* [The problem] Of all the entries below, only the lines from the one with "Profesyonel Vıp Kalite" up to and including the one with "attelage en Belgique" are to be duplicated exactly.

Provided data: Begin

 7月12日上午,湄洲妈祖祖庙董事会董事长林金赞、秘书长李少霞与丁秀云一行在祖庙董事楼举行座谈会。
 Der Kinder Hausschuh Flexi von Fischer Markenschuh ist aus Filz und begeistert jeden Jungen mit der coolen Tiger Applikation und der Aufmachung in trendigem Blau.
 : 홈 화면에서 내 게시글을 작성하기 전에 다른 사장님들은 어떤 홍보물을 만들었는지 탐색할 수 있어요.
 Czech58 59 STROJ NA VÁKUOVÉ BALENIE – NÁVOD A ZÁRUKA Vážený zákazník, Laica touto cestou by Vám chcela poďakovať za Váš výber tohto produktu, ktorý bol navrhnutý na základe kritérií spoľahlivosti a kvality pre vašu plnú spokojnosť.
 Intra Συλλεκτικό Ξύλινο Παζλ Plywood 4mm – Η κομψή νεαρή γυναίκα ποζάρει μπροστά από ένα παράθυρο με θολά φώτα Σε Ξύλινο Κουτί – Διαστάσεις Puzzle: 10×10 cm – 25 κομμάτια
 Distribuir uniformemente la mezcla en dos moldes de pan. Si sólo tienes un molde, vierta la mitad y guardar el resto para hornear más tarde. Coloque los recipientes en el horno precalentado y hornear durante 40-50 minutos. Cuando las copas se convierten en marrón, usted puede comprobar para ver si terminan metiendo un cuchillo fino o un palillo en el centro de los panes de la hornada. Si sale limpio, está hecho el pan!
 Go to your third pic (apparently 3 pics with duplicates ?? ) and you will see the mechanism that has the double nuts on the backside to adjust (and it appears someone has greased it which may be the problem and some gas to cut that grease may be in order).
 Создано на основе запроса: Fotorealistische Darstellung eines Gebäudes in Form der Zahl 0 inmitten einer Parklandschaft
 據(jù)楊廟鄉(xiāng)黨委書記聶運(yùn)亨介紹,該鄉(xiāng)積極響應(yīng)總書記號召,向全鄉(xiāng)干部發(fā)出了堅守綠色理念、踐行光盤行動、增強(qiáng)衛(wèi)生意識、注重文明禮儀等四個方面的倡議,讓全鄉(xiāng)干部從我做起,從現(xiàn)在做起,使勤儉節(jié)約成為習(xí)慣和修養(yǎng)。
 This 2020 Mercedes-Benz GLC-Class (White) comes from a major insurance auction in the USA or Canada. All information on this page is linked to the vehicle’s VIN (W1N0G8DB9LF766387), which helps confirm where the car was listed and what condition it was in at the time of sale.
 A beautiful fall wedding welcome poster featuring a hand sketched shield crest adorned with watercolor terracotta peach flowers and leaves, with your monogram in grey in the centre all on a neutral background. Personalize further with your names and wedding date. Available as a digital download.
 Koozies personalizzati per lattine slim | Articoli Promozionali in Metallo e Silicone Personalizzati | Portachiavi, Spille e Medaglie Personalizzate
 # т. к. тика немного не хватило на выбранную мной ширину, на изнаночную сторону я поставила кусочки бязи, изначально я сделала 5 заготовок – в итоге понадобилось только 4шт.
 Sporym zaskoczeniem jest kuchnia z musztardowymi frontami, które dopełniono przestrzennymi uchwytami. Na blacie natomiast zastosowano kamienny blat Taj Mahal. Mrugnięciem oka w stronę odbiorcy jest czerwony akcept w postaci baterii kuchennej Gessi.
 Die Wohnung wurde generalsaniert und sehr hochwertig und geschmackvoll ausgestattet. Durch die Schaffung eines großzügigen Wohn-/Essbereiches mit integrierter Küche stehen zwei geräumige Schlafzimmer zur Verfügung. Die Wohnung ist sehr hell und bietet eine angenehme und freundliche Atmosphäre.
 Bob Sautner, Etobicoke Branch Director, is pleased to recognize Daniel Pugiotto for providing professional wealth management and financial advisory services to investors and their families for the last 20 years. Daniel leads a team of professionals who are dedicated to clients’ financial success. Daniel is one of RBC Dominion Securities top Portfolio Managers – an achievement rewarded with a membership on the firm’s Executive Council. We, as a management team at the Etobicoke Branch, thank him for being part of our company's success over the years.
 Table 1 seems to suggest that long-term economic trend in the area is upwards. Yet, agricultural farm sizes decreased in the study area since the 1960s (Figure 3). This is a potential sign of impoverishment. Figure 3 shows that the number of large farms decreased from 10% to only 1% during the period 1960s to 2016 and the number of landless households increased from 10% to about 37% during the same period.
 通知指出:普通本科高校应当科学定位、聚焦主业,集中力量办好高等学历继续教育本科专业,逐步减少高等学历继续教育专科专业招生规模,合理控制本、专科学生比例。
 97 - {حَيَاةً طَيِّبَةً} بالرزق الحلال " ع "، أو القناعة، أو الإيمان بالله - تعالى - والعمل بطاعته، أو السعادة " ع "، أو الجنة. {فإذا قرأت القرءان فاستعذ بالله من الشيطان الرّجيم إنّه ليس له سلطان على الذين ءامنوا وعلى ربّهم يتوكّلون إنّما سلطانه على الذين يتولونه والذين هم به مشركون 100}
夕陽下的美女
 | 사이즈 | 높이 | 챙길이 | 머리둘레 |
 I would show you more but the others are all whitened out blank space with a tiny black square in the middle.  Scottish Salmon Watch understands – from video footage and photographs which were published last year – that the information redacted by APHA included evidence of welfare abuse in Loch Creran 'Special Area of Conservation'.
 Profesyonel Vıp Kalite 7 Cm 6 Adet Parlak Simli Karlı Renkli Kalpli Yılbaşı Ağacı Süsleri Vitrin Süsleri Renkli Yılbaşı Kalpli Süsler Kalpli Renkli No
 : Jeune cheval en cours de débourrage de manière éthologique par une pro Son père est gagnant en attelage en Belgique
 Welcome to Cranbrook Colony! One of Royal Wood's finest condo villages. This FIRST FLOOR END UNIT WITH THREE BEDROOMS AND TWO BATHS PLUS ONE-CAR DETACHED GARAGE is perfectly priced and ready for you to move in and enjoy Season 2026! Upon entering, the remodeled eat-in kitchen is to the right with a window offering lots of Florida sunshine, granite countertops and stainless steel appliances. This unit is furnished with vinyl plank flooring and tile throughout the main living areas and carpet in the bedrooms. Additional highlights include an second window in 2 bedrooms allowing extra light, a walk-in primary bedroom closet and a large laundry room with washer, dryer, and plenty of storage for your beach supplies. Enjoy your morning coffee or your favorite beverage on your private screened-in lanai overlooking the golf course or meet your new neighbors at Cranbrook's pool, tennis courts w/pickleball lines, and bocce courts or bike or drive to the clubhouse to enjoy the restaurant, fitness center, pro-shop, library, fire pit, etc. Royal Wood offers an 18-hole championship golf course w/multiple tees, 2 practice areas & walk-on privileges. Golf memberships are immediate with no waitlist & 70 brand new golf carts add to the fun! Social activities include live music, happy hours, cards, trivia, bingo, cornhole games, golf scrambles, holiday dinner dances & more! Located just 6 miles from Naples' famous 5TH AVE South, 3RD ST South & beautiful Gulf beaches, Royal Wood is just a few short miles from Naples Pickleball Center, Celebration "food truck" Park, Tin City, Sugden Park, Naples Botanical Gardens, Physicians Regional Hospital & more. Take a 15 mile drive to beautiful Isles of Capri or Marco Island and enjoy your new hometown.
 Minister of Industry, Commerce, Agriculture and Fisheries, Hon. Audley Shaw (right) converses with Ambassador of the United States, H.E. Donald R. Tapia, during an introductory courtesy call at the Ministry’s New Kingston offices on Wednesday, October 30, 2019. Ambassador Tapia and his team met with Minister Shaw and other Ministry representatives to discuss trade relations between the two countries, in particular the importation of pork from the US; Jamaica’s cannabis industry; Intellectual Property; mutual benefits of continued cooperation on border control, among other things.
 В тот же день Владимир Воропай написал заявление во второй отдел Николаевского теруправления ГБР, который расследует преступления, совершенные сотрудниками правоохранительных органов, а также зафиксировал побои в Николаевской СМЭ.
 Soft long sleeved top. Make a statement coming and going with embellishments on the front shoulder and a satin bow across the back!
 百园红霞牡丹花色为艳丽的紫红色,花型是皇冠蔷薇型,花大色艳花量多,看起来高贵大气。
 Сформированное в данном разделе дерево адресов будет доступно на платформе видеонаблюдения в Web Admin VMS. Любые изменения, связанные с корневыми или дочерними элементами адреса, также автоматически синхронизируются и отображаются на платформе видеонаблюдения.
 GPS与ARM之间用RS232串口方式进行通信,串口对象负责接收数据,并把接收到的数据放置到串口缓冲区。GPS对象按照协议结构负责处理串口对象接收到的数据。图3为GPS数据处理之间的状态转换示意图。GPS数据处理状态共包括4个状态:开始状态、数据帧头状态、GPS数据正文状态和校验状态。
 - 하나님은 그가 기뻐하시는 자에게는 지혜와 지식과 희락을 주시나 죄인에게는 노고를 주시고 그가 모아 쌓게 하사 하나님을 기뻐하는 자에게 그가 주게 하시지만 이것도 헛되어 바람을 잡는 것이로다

Provided data: End

* [Response area]
 Profesyonel Vıp Kalite 7 Cm 6 Adet Parlak Simli Karlı Renkli Kalpli Yılbaşı Ağacı Süsleri Vitrin Süsleri Renkli Yılbaşı Kalpli Süsler Kalpli Renkli No
 : Jeune cheval en cours de débourrage de manière éthologique par une pro Son père est gagnant en attelage en Belgique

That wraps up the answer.